Tinha meus barulhos pessoais, inexplicáveis para quem escuta. Tenho minha imaginação, e ela tem seus barulhos em imagens. Imagino sons em cores. Meu silêncio tem, para mim, cores, nunca é preto ou branco (p. 19)... Até a idade de sete anos, nada de palavras, nenhuma frase em minha cabeça. Imagens somente (p. 22)... Minha memória visual associa-se perfeitamente à ortografia francesa. Uma palavra é uma imagem, um símbolo...Posso reconhecer a cara de uma palavra! E desenhá-la no espaço! (p. 164)

Outro livro que trata da visualidade dos surdos é o de Sacks (1998) ao apresentar um relato sobre Joseph, um menino surdo de 11 anos que tinha acabado de entrar em uma escola de surdos e que, mesmo privado de ter uma língua, demonstrava suas habilidades visuais:

Sua inteligência visual – a habilidade de resolver quebra-cabeças e problemas visuais – era boa, contrastando radicalmente com suas imensas dificuldades com os problemas de base verbal. Ele sabia desenhar e gostava dessa atividade: fazia bons esboços do quarto, apreciava desenhar pessoas; “entendia” desenhos animados, “entendia” conceitos visuais. (SACKS, 1998, p. 51)

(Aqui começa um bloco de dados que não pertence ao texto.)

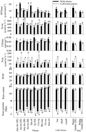 Relative chlorophyll content (SPAD), leaf water content (LWC), leaf water potential (φ), maximum light energy use efficiency (LUEmax), maximum water use efficiency (WUEmax) and their corresponding saturated light intensity (Il-sat, Iw-sat) of wild and cultivated plants (Mean [SE], n = 3), and plants in life forms (tree: wild plants n = 18, cultivated plants n = 12; shrub: wild plants n = 12, cultivated plants n = 12; overall: wild plants n = 30, cultivated plants n = 24) and in sites (each bar with 5 species, three replicates for each species. n = 15). Bars with different lowercase letters are significantly different between wild and cultivated plants (p < 0.05). Amy dav (SX), Amy dav (BJ), Ace tru (SX) and Ace tru (BJ) represent Amygdalus davidiana in Shanxi and Beijing, Acer truncatum in Shanxi and Beijing, respectively. Plant abbreviations are shown in Table S1.

A tese de Campelo (2008, p. 40) também deixa clara a importância dos estímulos visuais, inclusive para aprender a Língua Portuguesa:

Para reforçar o acesso à Língua Portuguesa, meu pai começou a me levar aos cinemas, desde os cinco anos. Foi um “amor visual” à primeira vista, perfeito para o meu pensamento visual. Alguns filmes eram legendados e outros não, mas para mim isso não importava. O que me importava era aprofundar as performances e competências que atiçavam muitas imaginações e construções de signos visuais.

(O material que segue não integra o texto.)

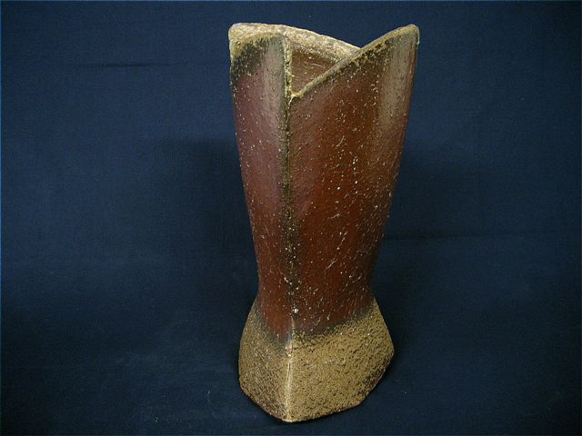 備前土をメインに造られた三角花器です。大胆かつ計算された形はさすがです。

Todos esses relatos deixam clara a importância da visualidade na vida dos surdos e sua importância para a aprendizagem. Em razão da visualidade das pessoas surdas, propomos a ilustração como uma das vias de acesso às entradas do glossário. Isto se deve, principalmente, às singularidades do público-alvo que, em geral, apresenta uma percepção visual mais aguçada. Os surdos, muitas vezes, têm uma imagem mental de determinado objeto, mas não

conhecem a palavra em LP. Por isso, a busca pela ilustração para se chegar ao lema pode ser um caminho de lexicografia para os surdos com vista ao aprendizado do Português como segunda língua.